## Running on multiple GPUs using Hugging Face Transformers

Naive pipeline parallelism is supported out of the box. For this, simply load the model with device="auto" which will automatically place the different layers on the available GPUs.

Your task:

1. Create a pod with two 24GB GPUs.

2. Try to run the model with device="auto" and see how much VRAM is used. You can also try to run the model with device_map="auto" which will automatically place the different layers on the available GPUs.
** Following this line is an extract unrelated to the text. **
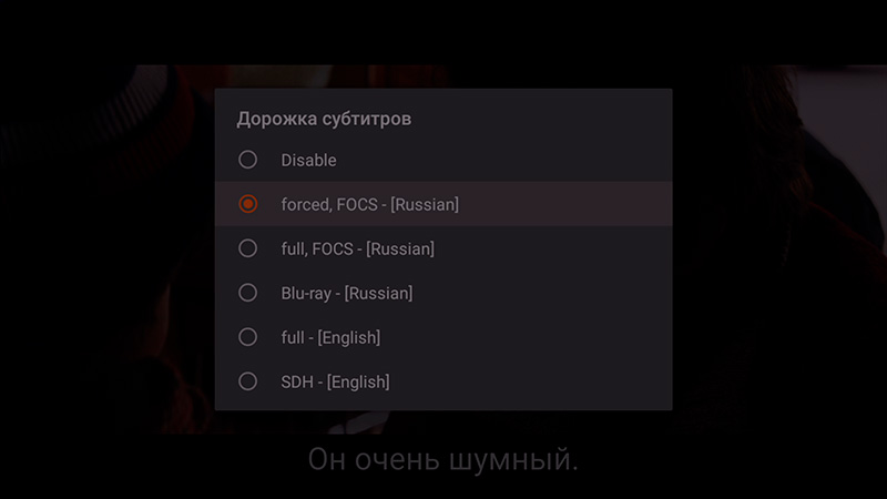 Выбор субтитров.

This is a more advanced version of pipeline parallelism that allows for more flexibility in how the model is distributed across GPUs.


In [1]:
model_path = "/ssdshare/share/Meta-Llama-3-8B-Instruct/"
# TODO(Your Task): Load the model to multiple GPUs and check the GPU memory usage
from accelerate.utils import release_memory
from transformers import AutoModelForCausalLM
import torch


def get_gpu_memory(model):
    memory = torch.cuda.max_memory_allocated() / (1024**3)
    model = release_memory(model)
    torch.cuda.reset_peak_memory_stats()
    return memory


model = AutoModelForCausalLM.from_pretrained(
    model_path, torch_dtype=torch.bfloat16, device_map="cuda:0"
)
print(f'device_map="cuda:0": {get_gpu_memory(model)}GB')
model = AutoModelForCausalLM.from_pretrained(
    model_path, torch_dtype=torch.bfloat16, device_map="auto"
)
print(f'device="auto": {get_gpu_memory(model)}GB')
model = AutoModelForCausalLM.from_pretrained(
    model_path, torch_dtype=torch.bfloat16, device_map="auto"
)
print(f'device_map="auto": {get_gpu_memory(model)}GB')

Loading checkpoint shards:   0%|          | 0/4 [00:00<?, ?it/s]

device_map="cuda:0": 14.95752763748169GB


Loading checkpoint shards:   0%|          | 0/4 [00:00<?, ?it/s]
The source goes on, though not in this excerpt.